PROVIDED DATA Start Marker

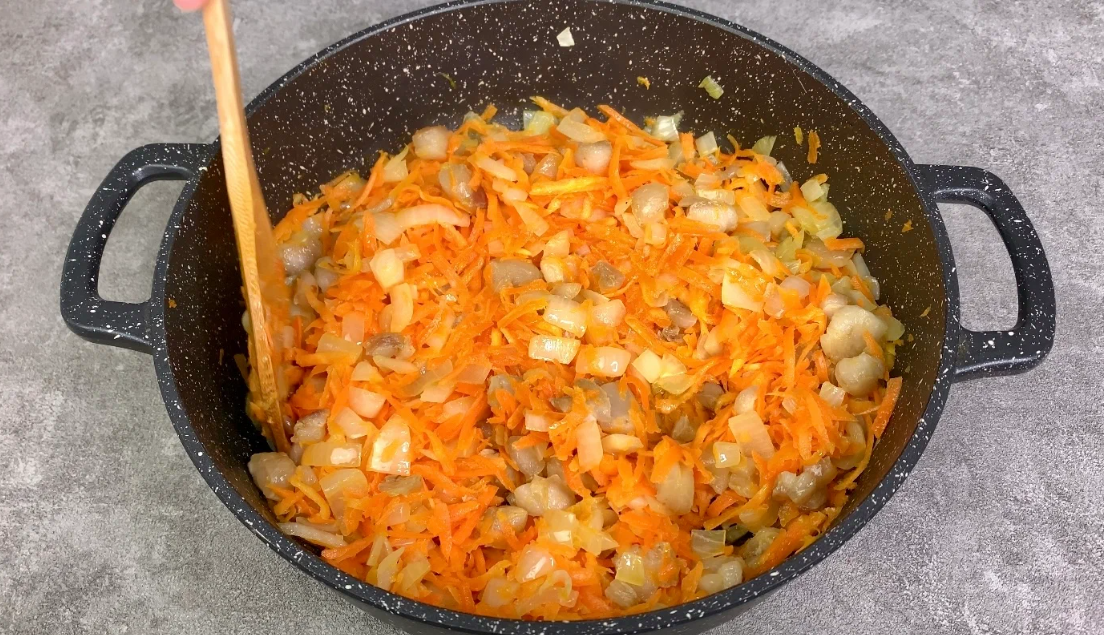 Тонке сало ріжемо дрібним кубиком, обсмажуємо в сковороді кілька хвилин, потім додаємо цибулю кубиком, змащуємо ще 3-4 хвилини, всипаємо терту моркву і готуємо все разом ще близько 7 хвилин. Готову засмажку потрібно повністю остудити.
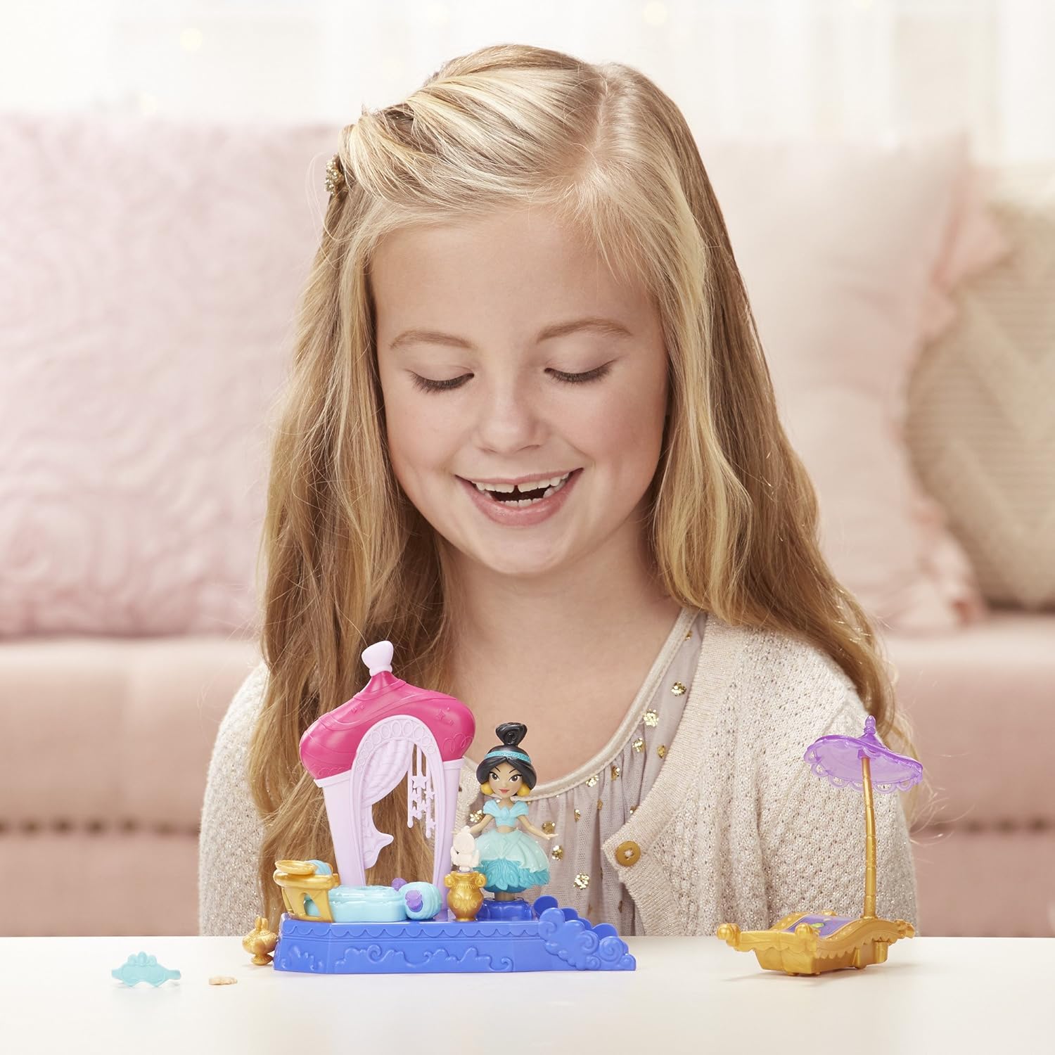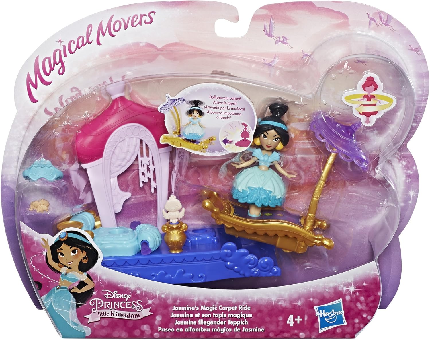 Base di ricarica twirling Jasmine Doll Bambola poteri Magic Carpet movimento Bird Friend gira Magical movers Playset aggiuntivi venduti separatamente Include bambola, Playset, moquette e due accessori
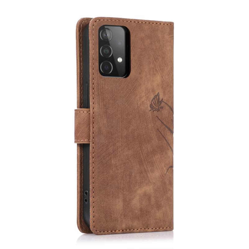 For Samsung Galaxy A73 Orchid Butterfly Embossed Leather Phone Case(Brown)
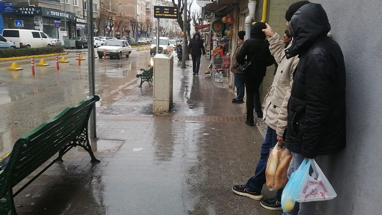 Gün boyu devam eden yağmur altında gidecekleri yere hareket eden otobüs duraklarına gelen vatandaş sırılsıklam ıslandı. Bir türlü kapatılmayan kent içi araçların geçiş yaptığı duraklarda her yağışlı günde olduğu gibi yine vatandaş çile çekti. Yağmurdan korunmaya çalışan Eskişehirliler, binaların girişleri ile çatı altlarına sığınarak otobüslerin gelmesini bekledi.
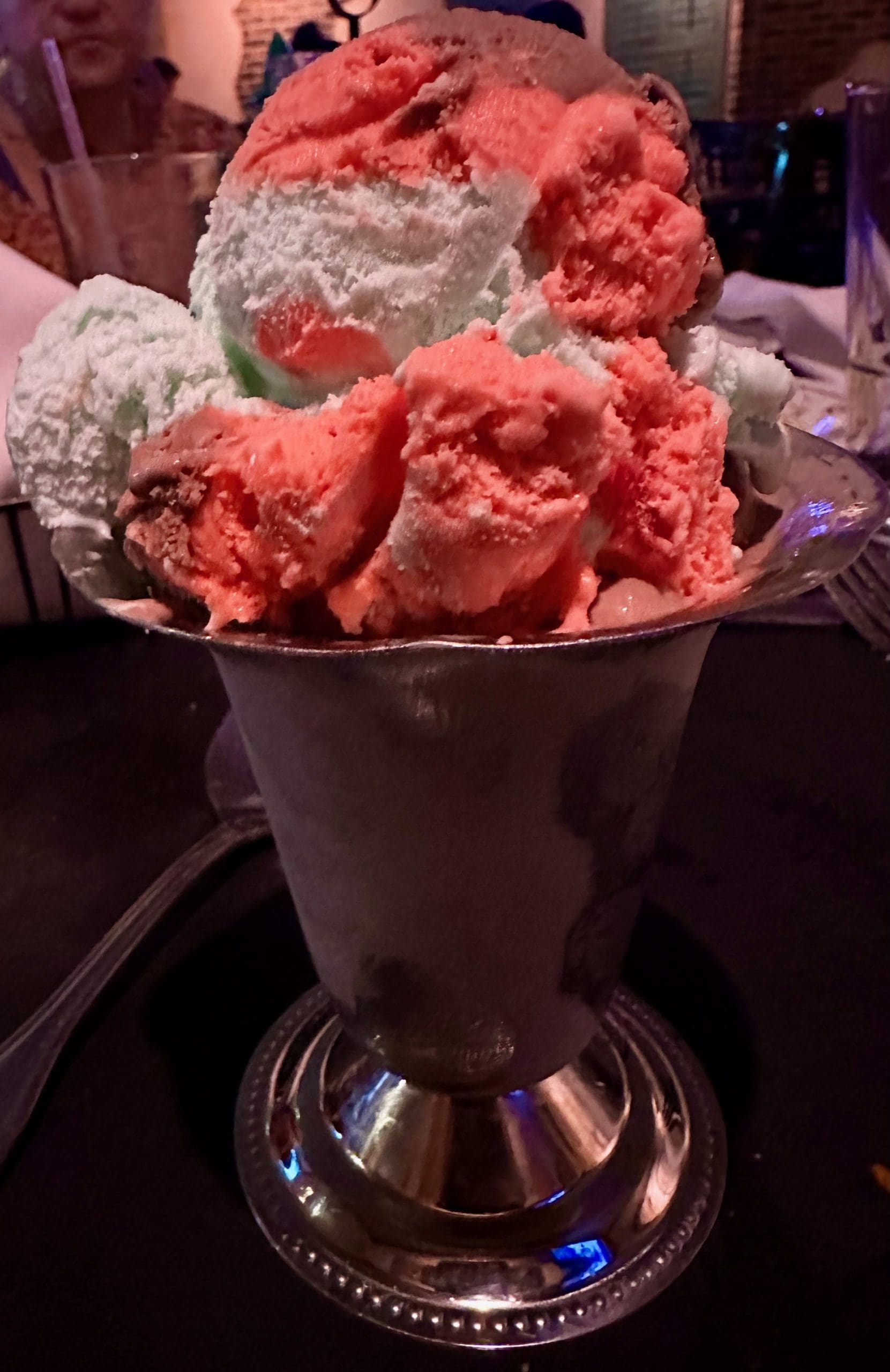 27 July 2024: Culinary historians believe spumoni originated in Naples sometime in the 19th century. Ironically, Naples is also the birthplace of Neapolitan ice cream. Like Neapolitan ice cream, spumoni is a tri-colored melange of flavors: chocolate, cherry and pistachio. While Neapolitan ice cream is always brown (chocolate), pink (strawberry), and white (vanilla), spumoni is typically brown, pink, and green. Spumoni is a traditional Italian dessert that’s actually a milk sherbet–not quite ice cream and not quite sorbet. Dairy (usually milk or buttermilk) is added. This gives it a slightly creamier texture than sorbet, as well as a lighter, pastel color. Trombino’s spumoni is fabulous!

PROVIDED DATA End Marker

- [EXERCISE DETAILS] Reproduce each line above precisely, with no pictures.

- [RESULT OF THIS EXERCISE]
 Тонке сало ріжемо дрібним кубиком, обсмажуємо в сковороді кілька хвилин, потім додаємо цибулю кубиком, змащуємо ще 3-4 хвилини, всипаємо терту моркву і готуємо все разом ще близько 7 хвилин. Готову засмажку потрібно повністю остудити.
 Base di ricarica twirling Jasmine Doll Bambola poteri Magic Carpet movimento Bird Friend gira Magical movers Playset aggiuntivi venduti separatamente Include bambola, Playset, moquette e due accessori
 For Samsung Galaxy A73 Orchid Butterfly Embossed Leather Phone Case(Brown)
 Gün boyu devam eden yağmur altında gidecekleri yere hareket eden otobüs duraklarına gelen vatandaş sırılsıklam ıslandı. Bir türlü kapatılmayan kent içi araçların geçiş yaptığı duraklarda her yağışlı günde olduğu gibi yine vatandaş çile çekti. Yağmurdan korunmaya çalışan Eskişehirliler, binaların girişleri ile çatı altlarına sığınarak otobüslerin gelmesini bekledi.
 27 July 2024: Culinary historians believe spumoni originated in Naples sometime in the 19th century. Ironically, Naples is also the birthplace of Neapolitan ice cream. Like Neapolitan ice cream, spumoni is a tri-colored melange of flavors: chocolate, cherry and pistachio. While Neapolitan ice cream is always brown (chocolate), pink (strawberry), and white (vanilla), spumoni is typically brown, pink, and green. Spumoni is a traditional Italian dessert that’s actually a milk sherbet–not quite ice cream and not quite sorbet. Dairy (usually milk or buttermilk) is added. This gives it a slightly creamier texture than sorbet, as well as a lighter, pastel color. Trombino’s spumoni is fabulous!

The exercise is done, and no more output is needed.